TheCorporateCounsel.net

May 5, 2021

With Time Slipping Away, Investor Advocates Urge Congress to Act on 14a-8 Amendments

Back at the end of March, Liz blogged about introduction of a resolution calling for repeal of last year’s Rule 14a-8 amendments under the Congressional Review Act (CRA). Although the resolution has been introduced, a Congressional webpage for the resolution shows the Senate Committee on Banking, Housing & Urban Affairs hasn’t taken any action on the bill since it was introduced.

The lack of action on the resolution may be partially what led about 200 investor advocates to reportedly write to every member of Congress urging support of the CRA resolution to nullify the shareholder proposal rule amendments. It’s unclear whether this investor campaign will have any impact and move the resolution forward.  Among those that want the amendments nullified there’s a sense of urgency because time is limited for the Senate to act without the threat of a filibuster.

The CRA’s “fast track” procedures for the Senate to act and approve the resolution nullifying the amendments can be complicated but the folks at the GW Regulatory Studies Center provided some insight to help explain:

There is a deadline as far as the Senate still having access to its “fast-track” authority (which makes the resolution filibuster proof). This is referred to as the Senate action period.
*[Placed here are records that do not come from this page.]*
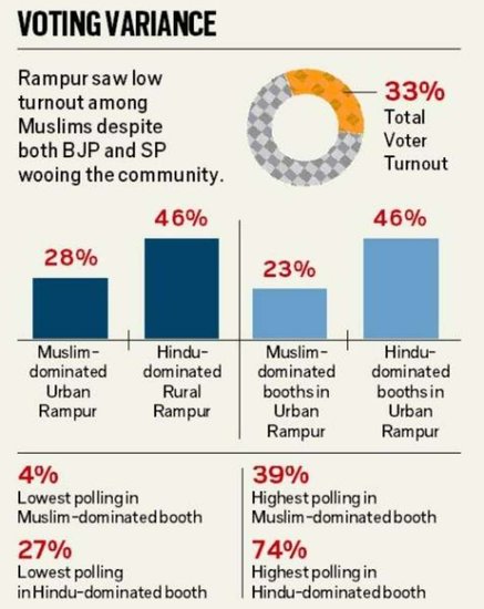 रामपुर शहरी के 90 से अधिक मतदान केंद्र, जहां 20% से कम मतदान हुआ, वह सभी मुसलमानों के वर्चस्व वाले हैं। यहां तक कि सपा के गढ़, जहां पार्टी का कार्यालय है, वहां के 17 मतदान केंद्रों पर मतदान केवल 24% हुआ है। रामपुर शहरी के केवल एक मुस्लिम बहुल मतदान केंद्र सराय गेट घोसियान पर सबसे अधिक 39% मतदान दर्ज किया गया है।
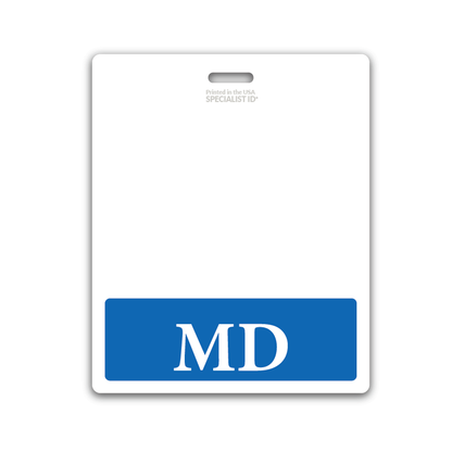 The MD (Doctor of Medicine) Badge Buddy is specifically designed for medical doctors, serving as a critical tool for identification and trust-building in healthcare settings. This badge buddy allows patients, their families, and fellow healthcare workers to instantly recognize the unique qualifications and authority of physicians. Printed on both sides, it prominently features in bold, the "MD" title, encased within a distinct color border that commands attention and conveys professionalism in the fast-paced world of medicine. Durable and practical, the badge buddy is made flexible to withstand the demands of a physician's daily responsibilities without breaking. Its easy-to-clean surface is essential for maintaining the high standards of cleanliness expected in medical environments. The badge buddy includes a slot punch hole, ensuring hassle-free attachment to a badge reel or strap clip, and is designed to be conveniently worn behind your standard ID badge. This durable, laminated tool is not just a means of identification; it is a symbol of medical expertise and reliability, enhancing the efficiency of patient care.
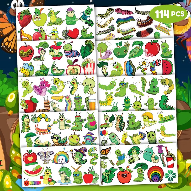 - 🐛TATTOOS FOR CATERPILLAR THEMED DECORATION: CATERPILLAR TATTOOS for people who love caterpillar. Featuring 10 sheets with 114 PCS of lovely, fun and colorful design. Each sheet measures 6.1 * 3.1 inches. You can temporarily tattoo them on your body or objects such as phones, bottles, laptop…

As of yesterday, there were about 10 Senate session days left until that deadline. The calculation is somewhat bothersome, but it’s essentially the 75th day of session in the Senate for this Congress. After this date, the Senate could theoretically still vote on it, but it would be subject to all of the usual delay tactics (the filibuster) and would be unlikely to get through.
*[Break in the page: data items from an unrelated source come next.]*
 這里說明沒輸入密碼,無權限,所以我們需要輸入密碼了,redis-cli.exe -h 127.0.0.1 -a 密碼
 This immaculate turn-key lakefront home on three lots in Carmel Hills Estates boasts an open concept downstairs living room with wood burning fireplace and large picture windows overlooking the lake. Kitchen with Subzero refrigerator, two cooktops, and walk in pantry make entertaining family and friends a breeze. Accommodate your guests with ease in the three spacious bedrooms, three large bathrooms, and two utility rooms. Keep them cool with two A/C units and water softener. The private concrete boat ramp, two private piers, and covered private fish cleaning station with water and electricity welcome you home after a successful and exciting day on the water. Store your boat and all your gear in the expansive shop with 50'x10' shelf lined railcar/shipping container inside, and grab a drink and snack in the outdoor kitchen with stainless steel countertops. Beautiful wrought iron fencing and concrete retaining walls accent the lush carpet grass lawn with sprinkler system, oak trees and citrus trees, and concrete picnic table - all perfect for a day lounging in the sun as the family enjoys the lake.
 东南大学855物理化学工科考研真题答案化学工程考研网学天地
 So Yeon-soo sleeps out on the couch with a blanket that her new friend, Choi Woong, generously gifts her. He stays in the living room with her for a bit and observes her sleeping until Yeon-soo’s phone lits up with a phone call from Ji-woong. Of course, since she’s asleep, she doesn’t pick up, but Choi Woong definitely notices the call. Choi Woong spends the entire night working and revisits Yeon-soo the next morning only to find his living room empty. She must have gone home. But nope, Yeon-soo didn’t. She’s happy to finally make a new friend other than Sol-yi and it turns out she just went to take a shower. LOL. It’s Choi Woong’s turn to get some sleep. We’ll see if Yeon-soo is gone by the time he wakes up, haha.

10-K/A: Covid-19 Factors into 2020 Stats

A recent Audit Analytics blog reviews reasons behind companies filing amended Form 10-Ks last year.  When compared to 2019, 2020 saw an uptick in amended 10-Ks – up 34% and Audit Analytics attributes this increase to the impact of the Covid-19 pandemic on regulatory filings and annual meeting schedules. In fact, the pandemic factored into the frequency of the top 2 reasons for filing 10-K/As in 2020.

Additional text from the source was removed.